▶ _TRY IT_
Transcribe the stretch of entries below from the line with "S.E. Augusto Valderrama, Ministro" through the line with "En el caso de", exactly and with both ends included; leave out all other lines.

▶ _THE DATA_
:::::
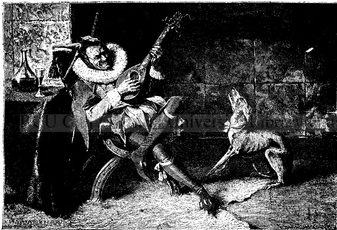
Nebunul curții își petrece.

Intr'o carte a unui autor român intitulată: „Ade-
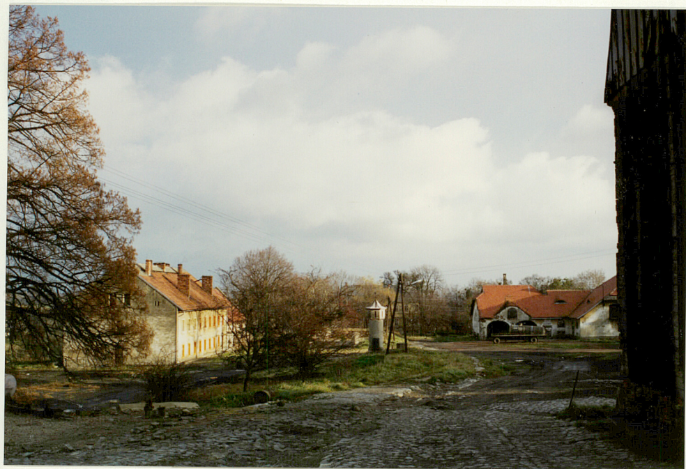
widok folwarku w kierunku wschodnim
:::::
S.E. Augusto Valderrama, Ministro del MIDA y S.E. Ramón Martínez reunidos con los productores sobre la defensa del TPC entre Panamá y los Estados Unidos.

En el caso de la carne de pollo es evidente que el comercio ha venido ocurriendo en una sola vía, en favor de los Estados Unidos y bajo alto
:::::
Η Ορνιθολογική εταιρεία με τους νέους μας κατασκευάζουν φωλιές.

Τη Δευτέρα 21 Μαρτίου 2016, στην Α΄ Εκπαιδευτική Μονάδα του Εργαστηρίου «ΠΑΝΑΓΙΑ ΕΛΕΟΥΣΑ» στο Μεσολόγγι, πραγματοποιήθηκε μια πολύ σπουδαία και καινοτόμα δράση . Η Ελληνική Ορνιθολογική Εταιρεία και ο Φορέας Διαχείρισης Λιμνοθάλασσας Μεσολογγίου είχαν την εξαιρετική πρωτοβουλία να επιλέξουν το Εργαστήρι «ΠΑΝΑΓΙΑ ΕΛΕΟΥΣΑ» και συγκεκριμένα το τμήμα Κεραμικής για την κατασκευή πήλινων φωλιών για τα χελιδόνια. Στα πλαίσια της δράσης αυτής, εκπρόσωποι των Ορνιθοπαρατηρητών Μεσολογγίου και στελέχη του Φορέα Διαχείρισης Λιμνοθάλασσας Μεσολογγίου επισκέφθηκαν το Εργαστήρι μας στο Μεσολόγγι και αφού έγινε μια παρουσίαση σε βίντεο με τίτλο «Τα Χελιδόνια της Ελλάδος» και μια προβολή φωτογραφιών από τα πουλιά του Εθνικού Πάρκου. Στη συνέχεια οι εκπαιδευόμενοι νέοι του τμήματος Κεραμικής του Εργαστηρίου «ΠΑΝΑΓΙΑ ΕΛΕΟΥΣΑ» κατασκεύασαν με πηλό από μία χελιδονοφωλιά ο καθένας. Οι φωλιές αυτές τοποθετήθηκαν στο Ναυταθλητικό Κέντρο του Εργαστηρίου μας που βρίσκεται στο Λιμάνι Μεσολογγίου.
:::::
▶ _RESULT BELOW_
S.E. Augusto Valderrama, Ministro del MIDA y S.E. Ramón Martínez reunidos con los productores sobre la defensa del TPC entre Panamá y los Estados Unidos.

En el caso de la carne de pollo es evidente que el comercio ha venido ocurriendo en una sola vía, en favor de los Estados Unidos y bajo alto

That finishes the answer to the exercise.